● ASSIGNED TASK
Please write out all of the data below exactly, without including the pictures.

** DATASET EXCERPT follows **

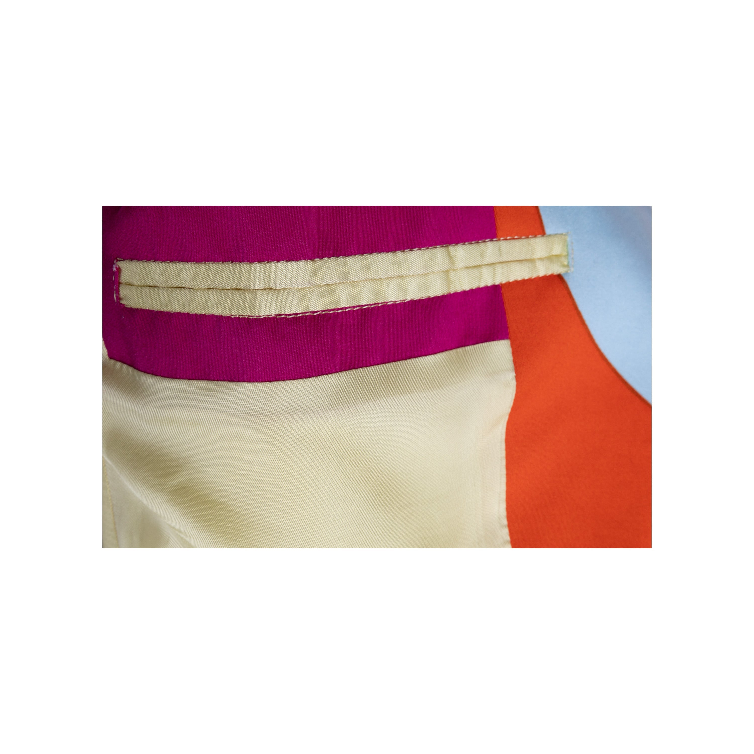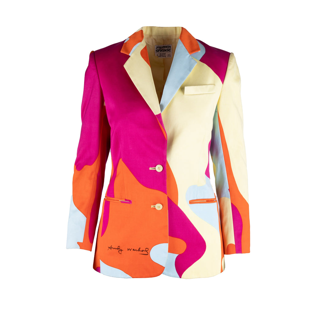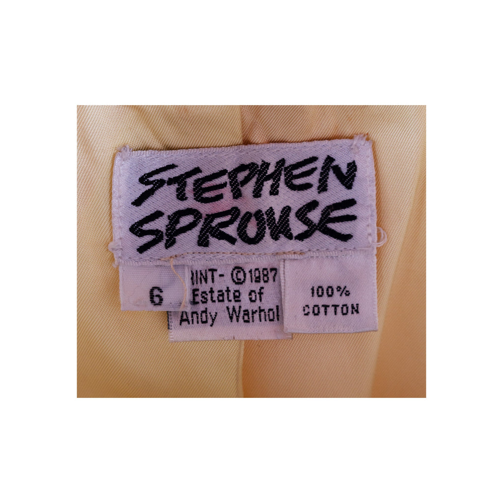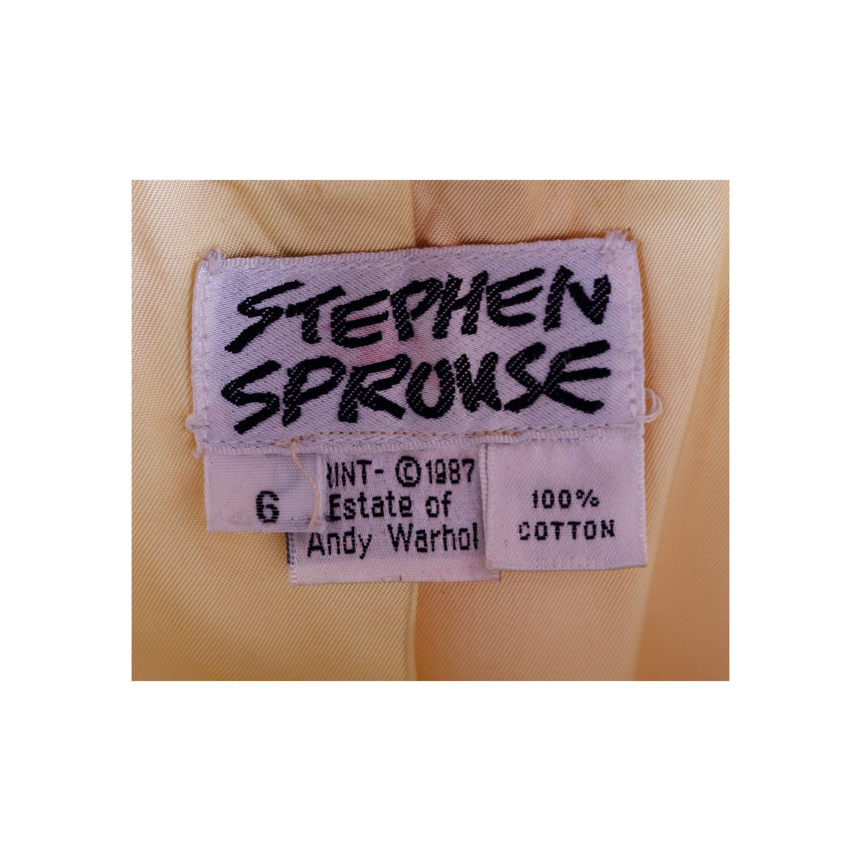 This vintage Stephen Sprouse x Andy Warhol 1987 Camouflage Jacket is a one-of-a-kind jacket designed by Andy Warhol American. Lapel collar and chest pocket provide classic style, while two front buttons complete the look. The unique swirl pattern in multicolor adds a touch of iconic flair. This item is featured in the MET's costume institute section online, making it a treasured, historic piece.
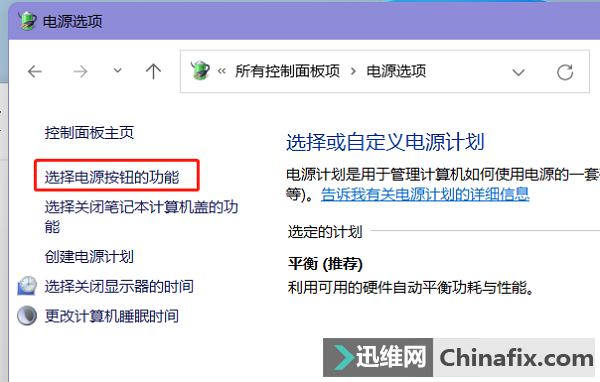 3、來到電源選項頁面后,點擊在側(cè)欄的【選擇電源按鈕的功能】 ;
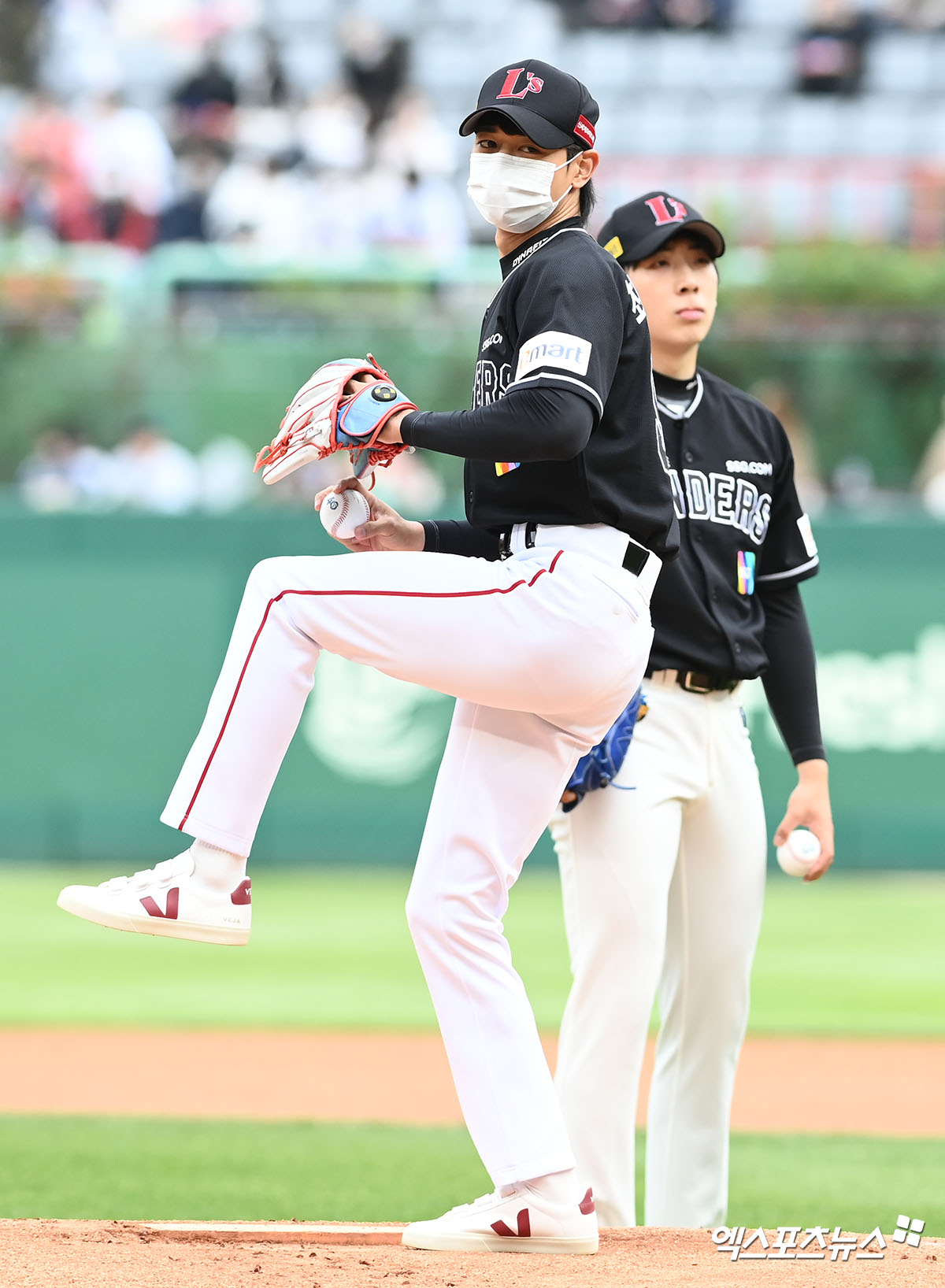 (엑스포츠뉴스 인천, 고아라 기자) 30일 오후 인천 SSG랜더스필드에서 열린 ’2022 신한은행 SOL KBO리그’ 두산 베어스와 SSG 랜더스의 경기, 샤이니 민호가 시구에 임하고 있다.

** End of DATASET EXCERPT **

● TASK ANSWER
 This vintage Stephen Sprouse x Andy Warhol 1987 Camouflage Jacket is a one-of-a-kind jacket designed by Andy Warhol American. Lapel collar and chest pocket provide classic style, while two front buttons complete the look. The unique swirl pattern in multicolor adds a touch of iconic flair. This item is featured in the MET's costume institute section online, making it a treasured, historic piece.
 3、來到電源選項頁面后,點擊在側(cè)欄的【選擇電源按鈕的功能】 ;
 (엑스포츠뉴스 인천, 고아라 기자) 30일 오후 인천 SSG랜더스필드에서 열린 ’2022 신한은행 SOL KBO리그’ 두산 베어스와 SSG 랜더스의 경기, 샤이니 민호가 시구에 임하고 있다.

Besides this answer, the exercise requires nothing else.